Et le concepteur n’a pas oublié les dames : il a conçu aussi la lingerie ! Sexy non ? Pour le confort, je n’ai pas testé… Regardez la profondeur

de ces bonnets de soutien-gorge ! On est bien au pays de Lolo Bridgida ! En revanche, j’ignore si la Cicciolina se fournit ici…

La « Venise insolite » pense aussi à la garde-robe de ses enfants (la dentelle est l’une des spécialités artisanales de la ville ). Après

les mensurations de l’ogresse de bois, plongée dans un Lilliput immaculé de douceur miniature…

… à des prix prohibitifs !

Plus loin, retour au pays du bois avec le pantin Pinocchio (vous l’aviez reconnu, n’est-ce pas ?...)

Cette fois, il a accroché ses ficelles de marionnette dans une papeterie (les papiers précieux sont une autre spécialité de la ville).

Une foule de gants en cuir délurés, de toutes races et de toutes couleurs, se partage pacifiquement le territoire d’une toute petite

échoppe voisine et nous salue amicalement au sortir du quartier commerçant : on dirait qu’ils dansent…

Et la Venise insolite, après nous avoir fait passer un porche de ciel, nous entraîne à présent loin de la foule des touristes :

qu’elle reste agglutinée à l’arrière-plan du décor…

Ici s’ouvre un pays de rives tranquilles, de reflets immobiles sur une eau que ne trouble le passage d’aucune embarcation,

de fenêtres mauresques, de poches ombreux, de seuils à fleur d’eau…

Ici, loin du mugissement de la marée humaine, seul le clapotis de la lagune murmure dans le silence, conversation mystérieuse du turquoise de

l’eau avec le jade des plantes… De concert avec elles, presqu’en secret, le soleil improvise une chorégraphie à rubans de lumière …

Au carrefour suivant, nouvelle surprise : ici commence le monde magique des jardins suspendus et des couverts volants,

vigiles du canal-rue confié à la surveillance insolite de leur apesanteur…

Les maisons d’époque, malmenées par le temps et le sel, ont fait place à de pimpants quartiers modernes hauts en couleurs…

une Venise liftée !

Mais la Venise insolite, infatigable, nous entraîne plus loin encore… sur une place où pigeon iconoclaste, ne se sachant pas

observé, confond le chapeau d’un noble local avec un cabinet d’aisances…

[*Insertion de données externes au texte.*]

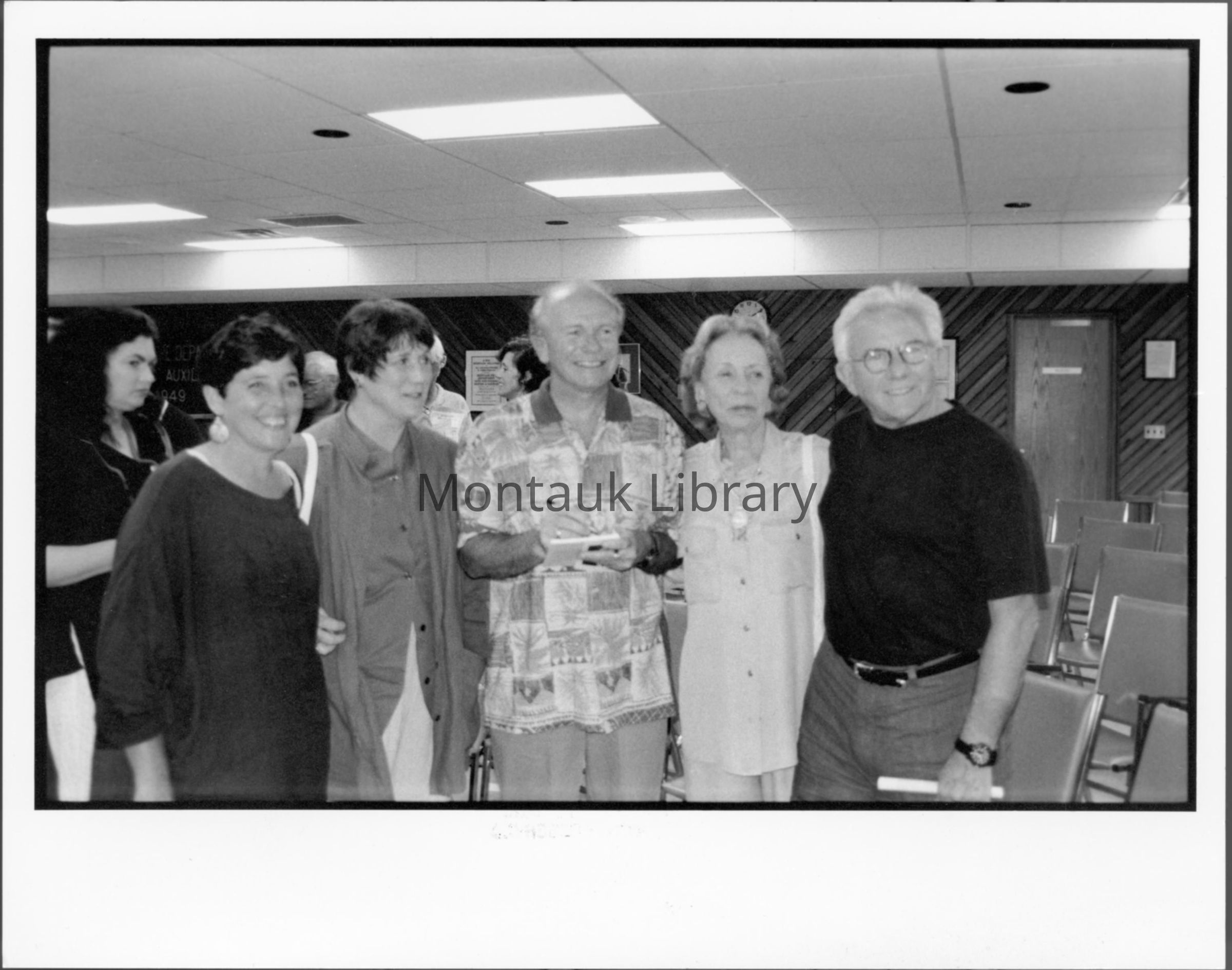 Photograph of Terence McNally reading at the Montauk Fire Department on July 22, 1995. Pictured left to right: Suzanne Gosman, Joanna Steichen, Terence McNally, Elaine Steinbeck, Joe Pintauro.Photograph Details

… puis sur le bord de mer où un jeune touriste, non moins iconoclaste, snobe les gondoles pour un véhicule tellement moins vieillot et

tellement plus passionnant ! Qu’ont donc les adultes à se pâmer devant ces barques à pointe ?! Il faut vivre avec son temps, que diable !

… Ce que les enfants de la Venise insolite font à merveille, plongés dans leurs jeux comme les enfants de toutes les villes du monde,

indifférents à la foule et aux monuments historiques qui ne sont, pour eux, que des terrains de jeux ordinaires …

… Comme partout, amusés et passionnés par un minuscule trois- fois-rien …

… comme partout, portés sur la hanche de leurs mères et immergés dans la vie de leur quartier… A Venise, dans le flux envahissant des

touristes qui déferle dans chaque ruelle, c’est finalement de ces petits grains de vie ordinaire qu’écume parfois l’insolite… Et puis…

… il y a eu ELLE. Cette petite forme noire recroquevillée à même le sol, comme une ombre au tableau inondé de soleil et de commerce,

comme un rappel au sinistre de certaines réalités dans l’univers magique de cette ville de rêve… Nous l’avons croisée deux fois…

Etait-ce une autre ? Etait-ce la même ? Etait-ce une misère vraie ou comédienne ? Etait-ce un appel à la compassion ou une sordide

roublardise ? Je n’ai pas su… pas su quoi faire, non plus… Alors, je l’ai prise en photo, au milieu de cette foule indifférente qui la nie, qui la gomme, et je me suis dit que diffuser cette photo, c’était peut-être lui rendre un peu de sa dignité. Mais je n’en suis pas sûre…

Alors, comme je ne veux pas vous laisser sur une note triste, je clôturerai ma visite de la « Venise insolite » par cet ultime clin d’œil,

surpris au pied d’un ultime pont… « Enjoy ». Remerciez pour ce que vous avez. C’est, de nos jours, devenu une attitude bien insolite.